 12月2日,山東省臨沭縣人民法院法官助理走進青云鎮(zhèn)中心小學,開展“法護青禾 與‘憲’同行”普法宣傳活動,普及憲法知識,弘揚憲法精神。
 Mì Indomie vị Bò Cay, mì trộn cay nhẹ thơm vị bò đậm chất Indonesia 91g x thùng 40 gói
━━━━━━━━
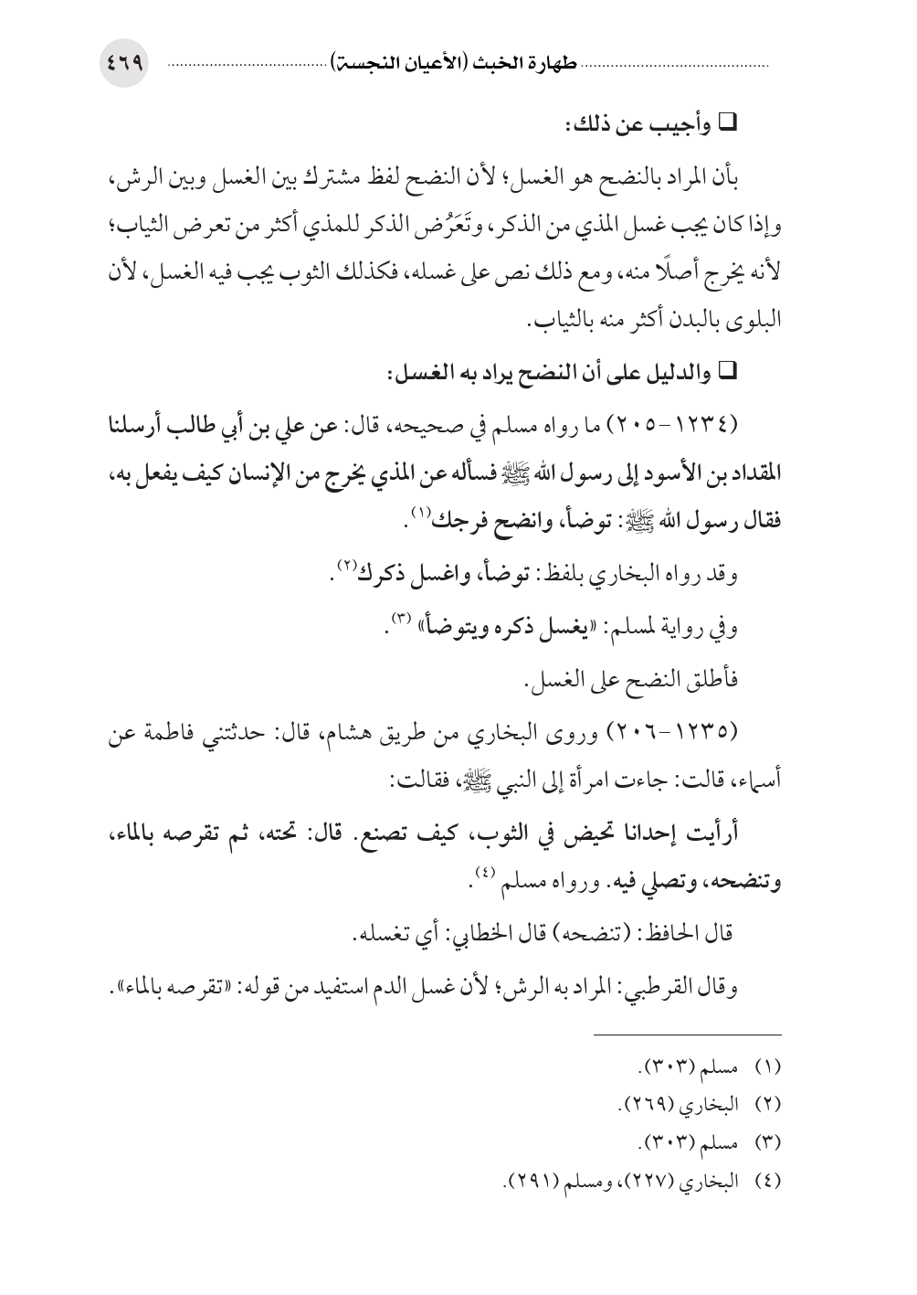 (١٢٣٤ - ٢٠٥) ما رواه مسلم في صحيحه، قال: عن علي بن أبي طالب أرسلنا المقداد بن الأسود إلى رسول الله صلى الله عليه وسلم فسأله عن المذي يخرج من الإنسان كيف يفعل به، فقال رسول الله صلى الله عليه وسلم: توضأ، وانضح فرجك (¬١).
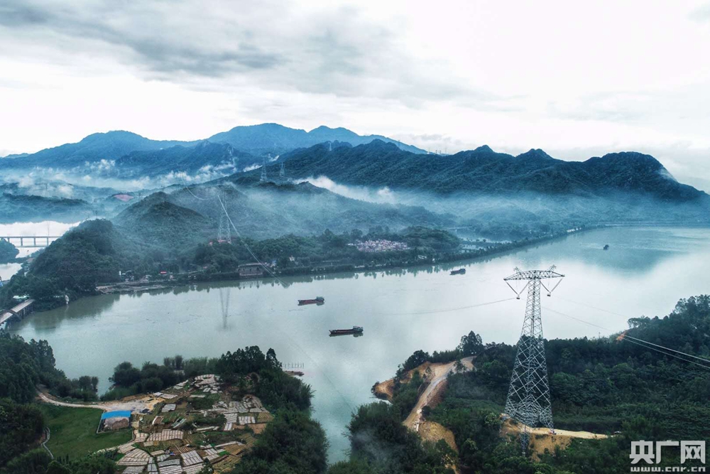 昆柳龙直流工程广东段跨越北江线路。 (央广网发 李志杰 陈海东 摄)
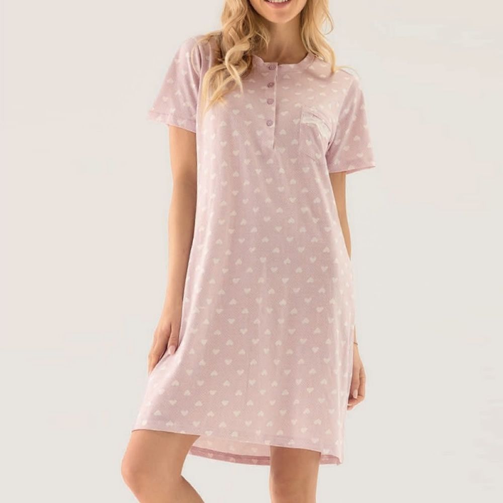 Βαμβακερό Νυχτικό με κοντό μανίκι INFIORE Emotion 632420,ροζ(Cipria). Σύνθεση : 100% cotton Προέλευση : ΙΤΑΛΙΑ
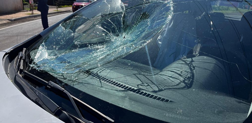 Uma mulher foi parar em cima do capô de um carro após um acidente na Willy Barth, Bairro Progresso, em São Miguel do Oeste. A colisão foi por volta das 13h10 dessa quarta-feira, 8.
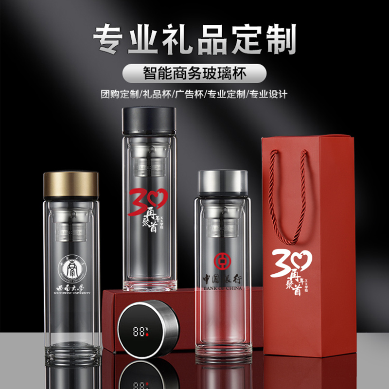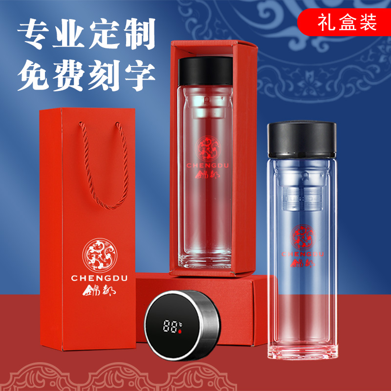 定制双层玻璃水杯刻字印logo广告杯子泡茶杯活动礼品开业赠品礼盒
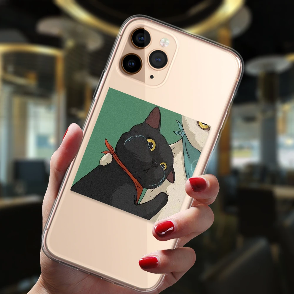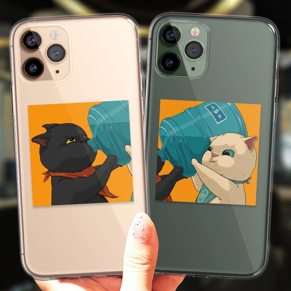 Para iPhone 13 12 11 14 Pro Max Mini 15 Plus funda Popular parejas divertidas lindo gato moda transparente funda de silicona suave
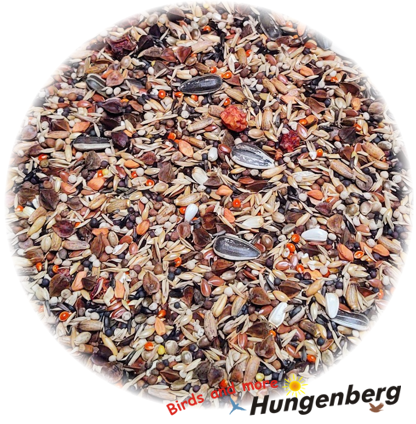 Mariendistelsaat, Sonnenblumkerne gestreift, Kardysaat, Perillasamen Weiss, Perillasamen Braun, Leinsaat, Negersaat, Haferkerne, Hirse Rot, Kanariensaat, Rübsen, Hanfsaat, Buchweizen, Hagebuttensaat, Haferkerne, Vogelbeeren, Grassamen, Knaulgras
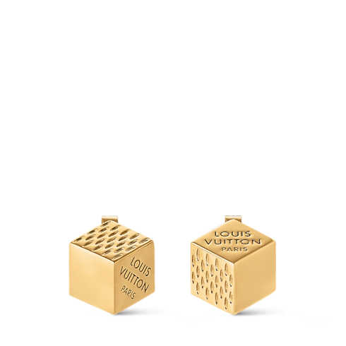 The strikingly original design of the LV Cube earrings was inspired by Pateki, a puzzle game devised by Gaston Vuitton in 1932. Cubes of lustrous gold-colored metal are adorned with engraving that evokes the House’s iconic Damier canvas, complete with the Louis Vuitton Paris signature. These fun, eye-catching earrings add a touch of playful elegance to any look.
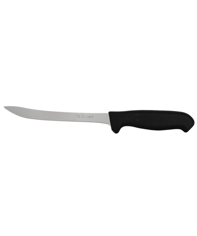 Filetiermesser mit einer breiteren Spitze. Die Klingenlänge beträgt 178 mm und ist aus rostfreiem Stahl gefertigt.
━━━━━━━━
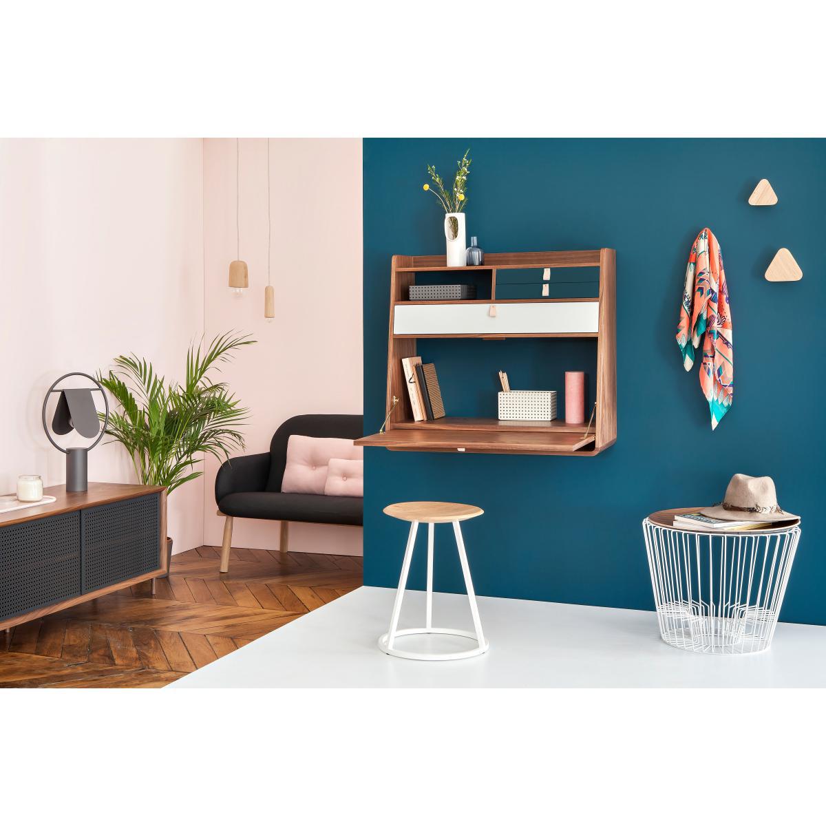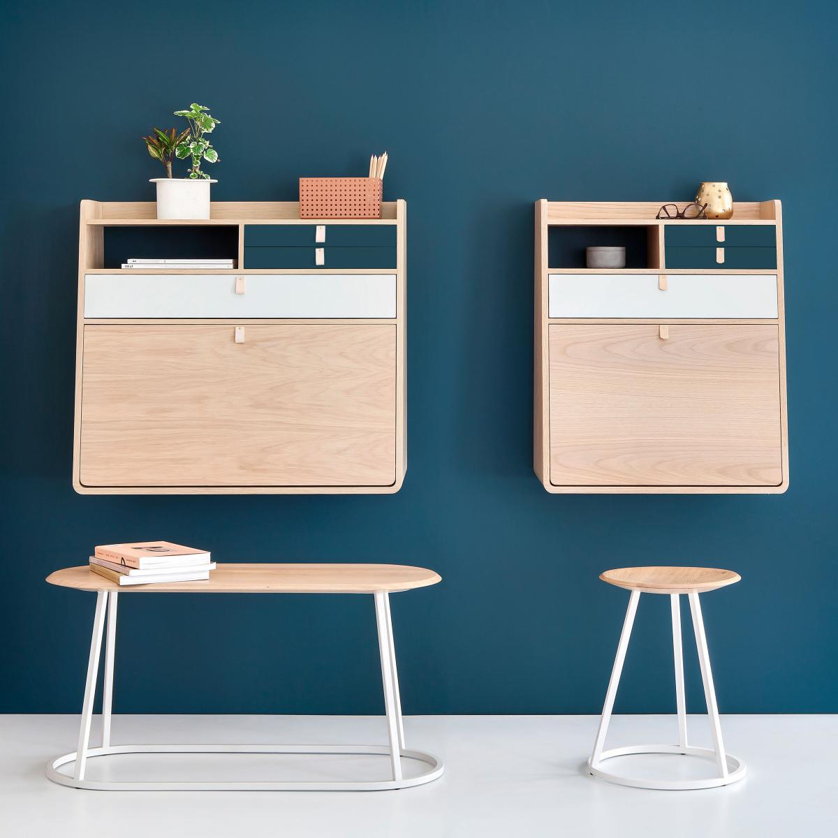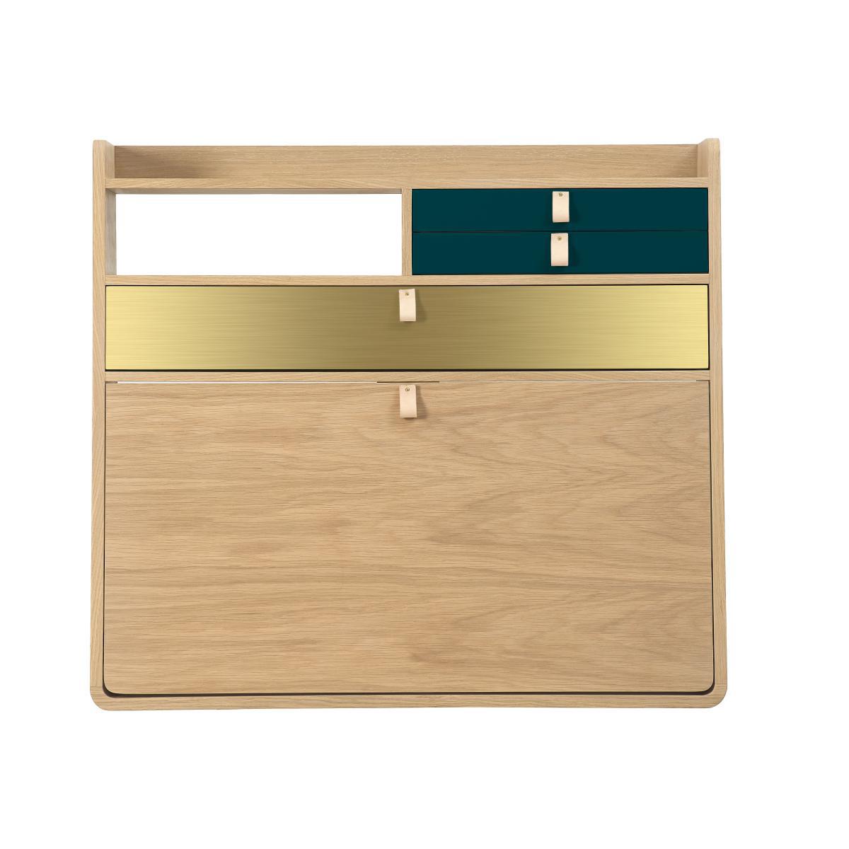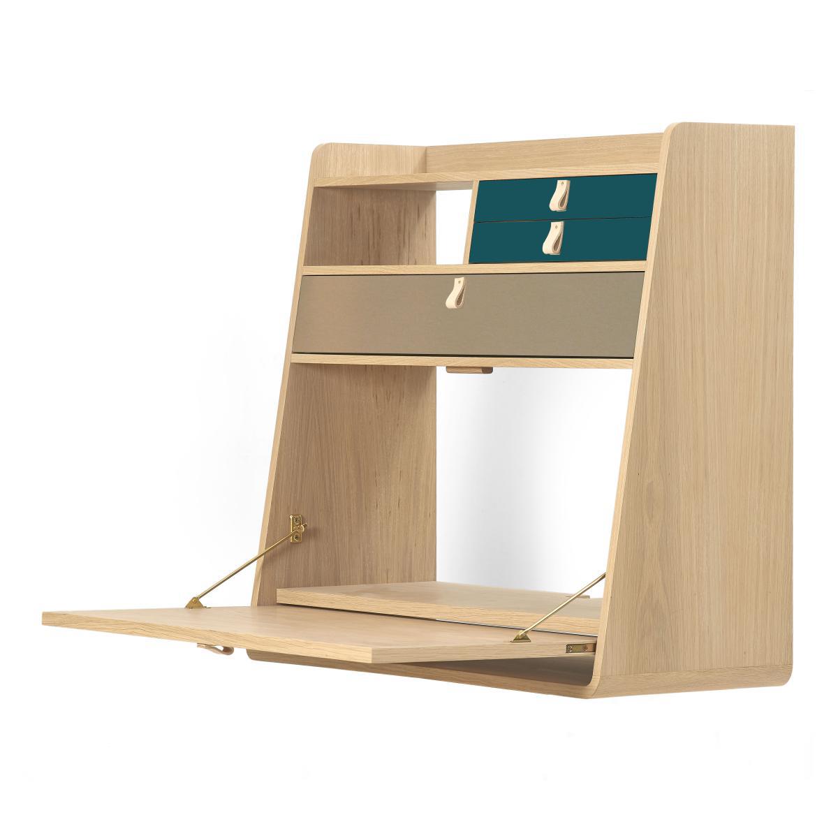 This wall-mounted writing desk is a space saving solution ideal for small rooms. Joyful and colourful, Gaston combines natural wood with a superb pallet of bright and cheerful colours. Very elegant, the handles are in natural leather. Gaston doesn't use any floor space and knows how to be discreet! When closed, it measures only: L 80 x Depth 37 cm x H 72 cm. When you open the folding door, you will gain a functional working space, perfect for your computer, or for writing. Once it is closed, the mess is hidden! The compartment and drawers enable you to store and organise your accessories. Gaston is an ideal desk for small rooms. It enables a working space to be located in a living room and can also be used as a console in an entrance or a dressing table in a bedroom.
━━━━━━━━
• [YOUR TASK]:
Give again the stretch of the entries above that begins at the line with "(١٢٣٤ - ٢٠٥)" and ends at the line with "Βαμβακερό Νυχτικό με", word for word, with no pictures.

• [OUTPUT BELOW]:
 (١٢٣٤ - ٢٠٥) ما رواه مسلم في صحيحه، قال: عن علي بن أبي طالب أرسلنا المقداد بن الأسود إلى رسول الله صلى الله عليه وسلم فسأله عن المذي يخرج من الإنسان كيف يفعل به، فقال رسول الله صلى الله عليه وسلم: توضأ، وانضح فرجك (¬١).
 昆柳龙直流工程广东段跨越北江线路。 (央广网发 李志杰 陈海东 摄)
 Βαμβακερό Νυχτικό με κοντό μανίκι INFIORE Emotion 632420,ροζ(Cipria). Σύνθεση : 100% cotton Προέλευση : ΙΤΑΛΙΑ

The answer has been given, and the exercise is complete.